# skim coat over concrete



## ranch7 (Feb 8, 2009)

I own a winter home in AZ that has a swimming pool.  The concrete around the pool has a skim coat and there are patches that have come up from the base of concrete, making it look like a mangy dog.

I had a man come out and he told me just patching wouldn't look good.  The estimate he gave me for doing the whole area with a skim coat was $2200.
I can't afford that.

Anyone out there have a solution?  Are there any products that will allow me or my carpenter to do the job?


----------



## yesitsconcrete (Feb 16, 2009)

from my reading of the post, that's not a bad price considering he'd 1st have to remove ALL the skim coat,,, we would never apply our products of another's surface,,, look at it this way - if some's already come up, what's to prevent more from delaminating AFTER any repairs're done,,, who would YOU call then ? ? ?

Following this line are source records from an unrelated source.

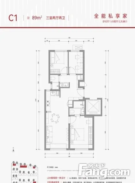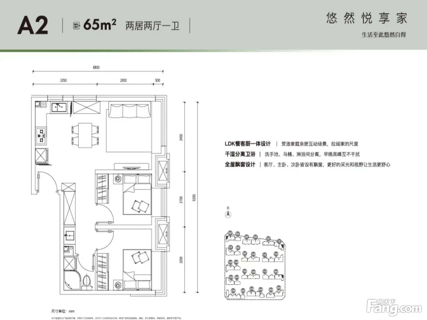 户型齐全,主打南北通透,全明格局,户型方正,动静分离,高附赠空间,采光充足二居
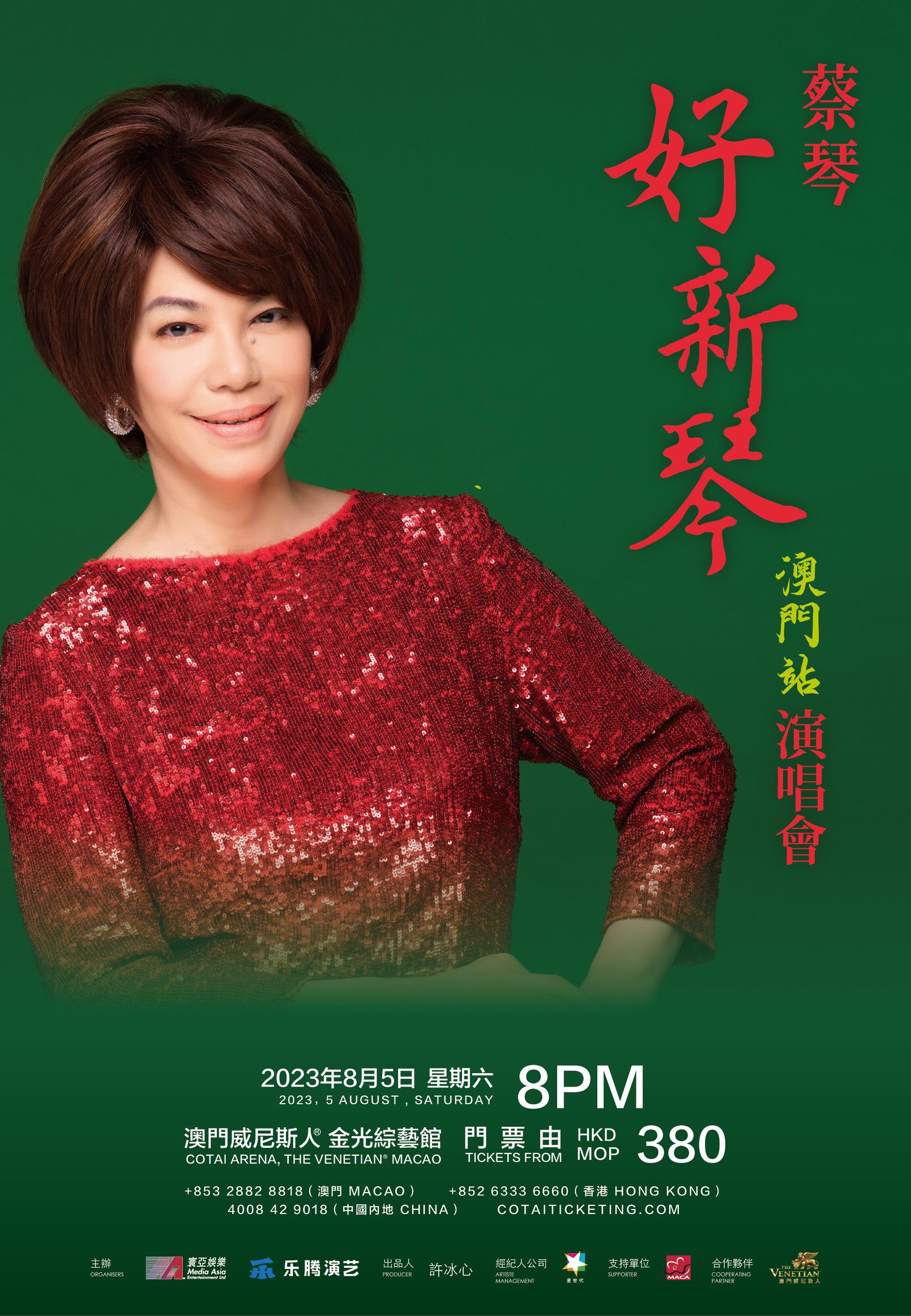 叱吒樂壇40多年的歌后蔡琴將於8月5日假澳門威尼斯人金光綜藝館舉行《蔡琴「好新琴」澳門站演唱會》,門票已正式公開開售。這是蔡琴時隔四年再次踏上澳門站舞台舉辦個人演唱會,令一班歌迷萬分期待。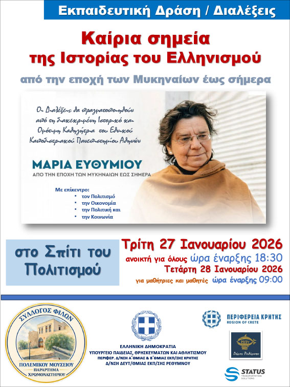 Ο Σύλλογος Φίλων Πολεμικού Μουσείου – Παράρτημα Χρωμοναστηρίου, σε συνεργασία με τη Διεύθυνση Δευτεροβάθμιας Εκπαίδευσης Ρεθύμνου, διοργανώνουν ομιλίες με τίτλο:

i'm betting it ( skim coat ) is/was either a splatter texture OR ' cool deck ' mtl that the owner got done by the cheapest bidder,,, you're never sorry you bought the best ! ! ! any const supply house'll have polymer-modified cementitious materials that would be suitable IF you know what qualities you need,,, as w/any repair, prep's the most important part of the job,,, concrete resurfacing's more a mix of skill & knowledge than anything else,,, that's why its a specialty trade,,, btw, there's nothing in an apron store that's suitable despite what the apron-wearer says.


----------